The chart gives you an idea of where the world has been and where it is now with regard to demand for copper, demand for copper dictates copper price, the daily copper price will affect the daily price of Freeports stock. There are other factors involved but the concept is valid.
I've included the buy in points for the TD shares we hold, 1100 in total.
As you can see, some I bought at the top, which were terrible buys, when viewed with hindsight. At that time though, not many people could have predicted that the price would fall from 125$ to 17.50$
Fortunatley for me, I bought 400 shares at 18.60$ which are now 300% to the good.
The average price we hold at is 60.14$. 
Recently there are signs that the worlds economy is waking from the coma that Lehman Brothers failure in September last year brought on. It probably wont be a rapid recovery, it might take 2 years to get buzzing again, but things are improving.

----------


## passengers

^So much to learn.

Some key words:

Deflation trap;
Monetary decoupling;
Tangibles inflation.

You are fond of charts. Google the Weimar charts 1928-1935. Same entry-point paradign, similar policy response, inevitable outcome.

----------


## Butterfly

^ is that what you learn from your dodgy "downtown" Seminar ?  :Razz: 

come on bkka, be a man, and re-register, you are a bit of a coward to hide behind that new moniker !!!

----------


## Spin

Not much red ink now, plenty of green not sure how long that will last though because popular consencus is that the market will reverse and move much lower.

I'll be keeping a close eye on the 875-880 level on the S&P500, that could be a key area of support for the market.

So far we're up about 45,000 U$D (including the 19$K banked previously)



Out of all the companies that I bought, only one, "Dryships" (DRYS) has not weathered the world economic downturn well.
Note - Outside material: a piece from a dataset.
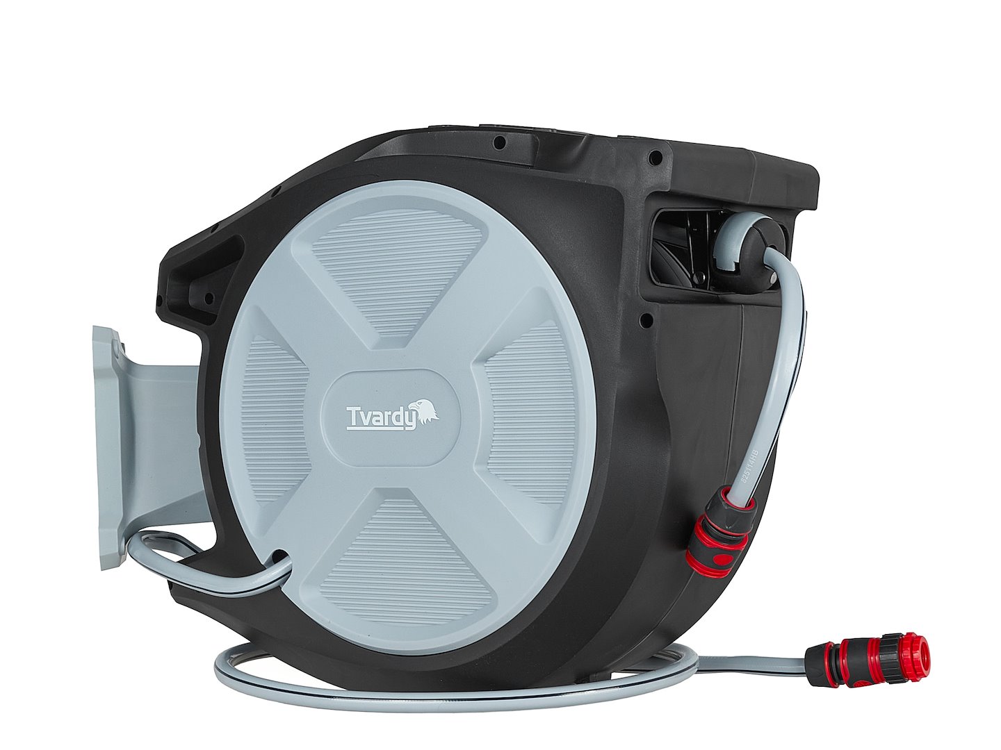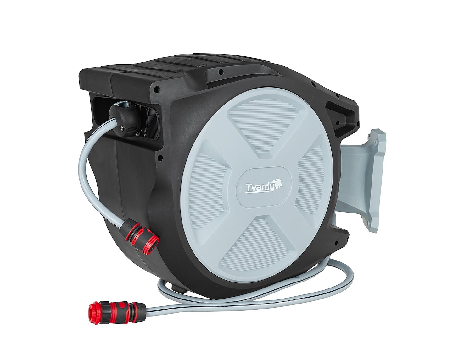 Automatický hadicový navijak BRASS-LINE, 1/2″, 35m | Tvardy je praktickým riešením pre každú záhradu, pozemok alebo domáce dielne. Vďaka mechanizmu automatického navíjania zostáva hadica vždy uprataná a pripravená na použitie. Pevné puzdro a pohodlný systém montáže na stenu robia túto súpravu odolnou, funkčnou a veľmi pohodlnou pri každodennom používaní. Vstavaný, odolný mechanizmus automatického navíjania umožňuje rýchlo a pohodlne schovať hadicu po ukončení práce.

It has all kind of debt problems and Im not sure what the furture holds for the share price.

The rest of the companies are absolute corkers and will bank us egregious amounts of imaginary coin sooner _or later_ :Smile: 

Most of these companies had the living shite kicked out of their share prices, most are up 100% or more off their lows.
This whole crisis had ruined many folks financially but for the smart ones that bought wisely at the bottom, there will be fortunes made thats for sure.
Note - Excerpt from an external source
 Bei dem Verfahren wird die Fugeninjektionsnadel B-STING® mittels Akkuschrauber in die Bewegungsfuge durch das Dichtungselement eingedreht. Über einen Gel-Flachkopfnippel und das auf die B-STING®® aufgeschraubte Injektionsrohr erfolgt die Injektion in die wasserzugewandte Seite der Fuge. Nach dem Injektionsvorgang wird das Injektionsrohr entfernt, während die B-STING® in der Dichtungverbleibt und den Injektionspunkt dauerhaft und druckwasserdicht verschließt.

Best pick so far, ACH, they make Aluminium in China, its up 100% + since I bought it, problem is, I only bought 200 shares, I should have taken 1000.

----------


## SiLeakHunt

http://www.nakedtrader.co.uk/

this fella seems quite good well worth a look

----------


## Spin

Ten grand to the good today.

----------


## Spin

Paragon Shipping PRGN, one of our picks, reported Q1 earnings today..... a 21 percent jump in first-quarter profit that beat expectations, sending its shares up 26 percent so far this morning :Smile:

----------


## Spin

So Paragon finished the day up 25%, which is nice.

Sadly, as a result of the US grubbermints activites printing money, the dollar is falling.
Earlier today it crashed through a significant support level and will now probably fall lower. 
We dont care about that though!  :Smile: ..... becuase its good news for us, the dollar falls and oil goes up. When oil goes up people start worrying about energy costs and stocks like solar go up. See todays 7000$ gain in our holding of First Solar (FSLR)  :Smile: 

The wider market was dogged by banks moving lower and that dragged everything else with it, mid morning the portfolio was up 23,000$ but finished up 8 grand for the day so not too bad.

----------


## Spin

Not much change this week, some lost, some gained, and we finished the week about 2 grand better off. The dollar is showing weakness, which is sending up oil and other commods. This is good for this portfolio. 



Total gains are about 65K.

----------


## Spin

Markets just closed witht he S&P500 at 940, theres a good chance it will hit 1050 soon., another big up day, 13,000$ came our way.

Total gains are now about 80,00U$D



This has been a great rally but there has to be some kind of significant pullback. Im considering selling the whole lot if I see 100K profit in the next few days and looking to buy back cheaper at a later date.

----------


## Butterfly

^ hey man, you are lagging the market

everyone is up 25% or more  :Smile: 

you should be up 130,000 not 80,000

----------


## Spin

BUY 500 UNG at 14.88

This is an electronically traded fund that tracks the price of natural gas, which is very cheap right now but will rise towards the end of the year when US factory utilisation improves and winter sets in.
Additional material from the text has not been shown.